Pharmacological action Cozaar 100 mg
A specific receptor antagonist of angiotensin II (type AT1) for oral administration. Angiotensin II binds selectively to the AT1-receptors located in many tissues (smooth muscle, blood vessels, the adrenal glands, kidneys and heart) and performs several important biological functions, including vasoconstriction and aldosterone release. Angiotensin II also stimulates the proliferation of smooth muscle cells. Losartan and its pharmacologically active metabolite (E 3174) as in vitro, and in vivo blocking all the physiological effects of angiotensin II, regardless of the source or route of synthesis. In contrast to some peptide antagonists of angiotensin II losartan has no agonist effects.

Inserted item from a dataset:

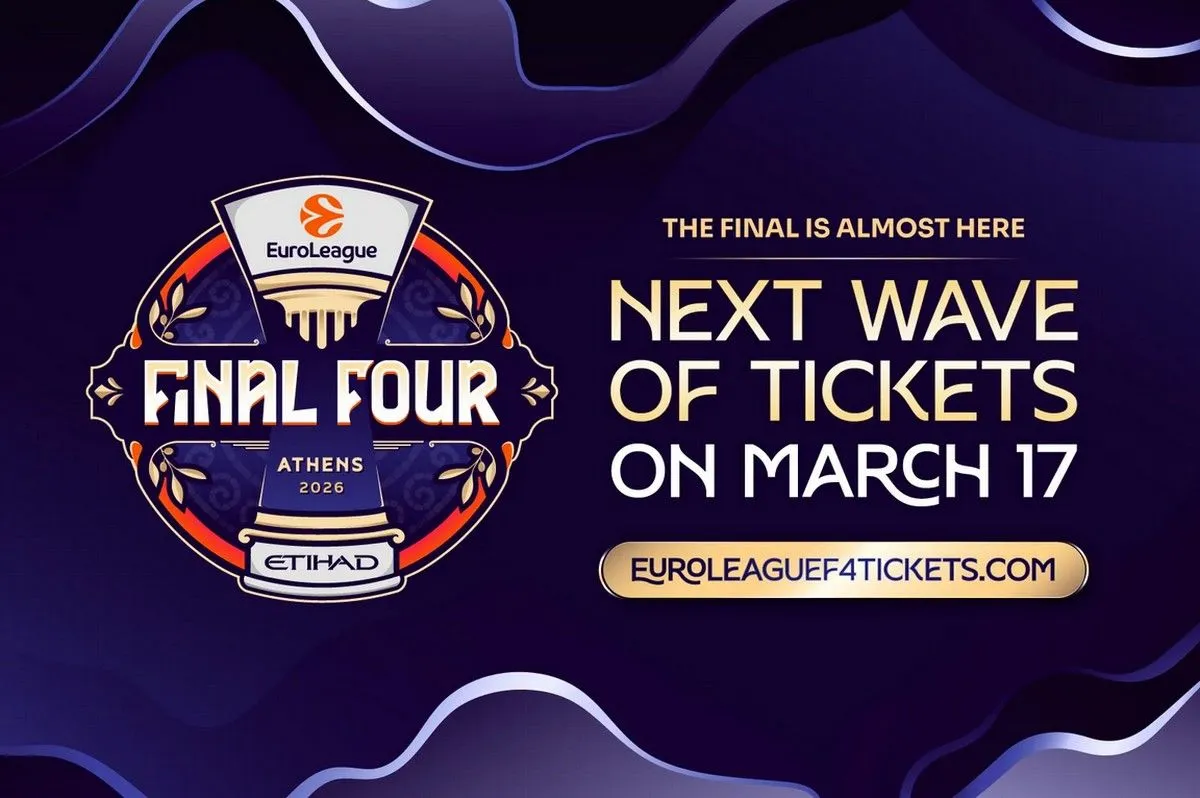 “Ο δρόμος προς το Final Four της EuroLeague Athens του 2026, που παρουσιάζεται από την Etihad, συνεχίζεται με πρωτοφανή παγκόσμια ζήτηση, καθώς η πώληση εισιτηρίων εισέρχεται στην τρίτη δημόσια φάση της στις 17 Μαρτίου στις 10:00 CET.

Losartan binds selectively to the AT1-receptors and does not bind and does not block other hormone receptors and ion channels that play an important role in the regulation of the cardiovascular system. Furthermore, losartan does not inhibit ACE, which promotes the degradation of bradykinin. Hence the effects are not directly related to the blockade of AT1-receptor, in particular, strengthening effects associated with exposure to bradykinin or the development of edema (losartan – 1.7%, placebo – 1.9%) have no relation to the action of losartan.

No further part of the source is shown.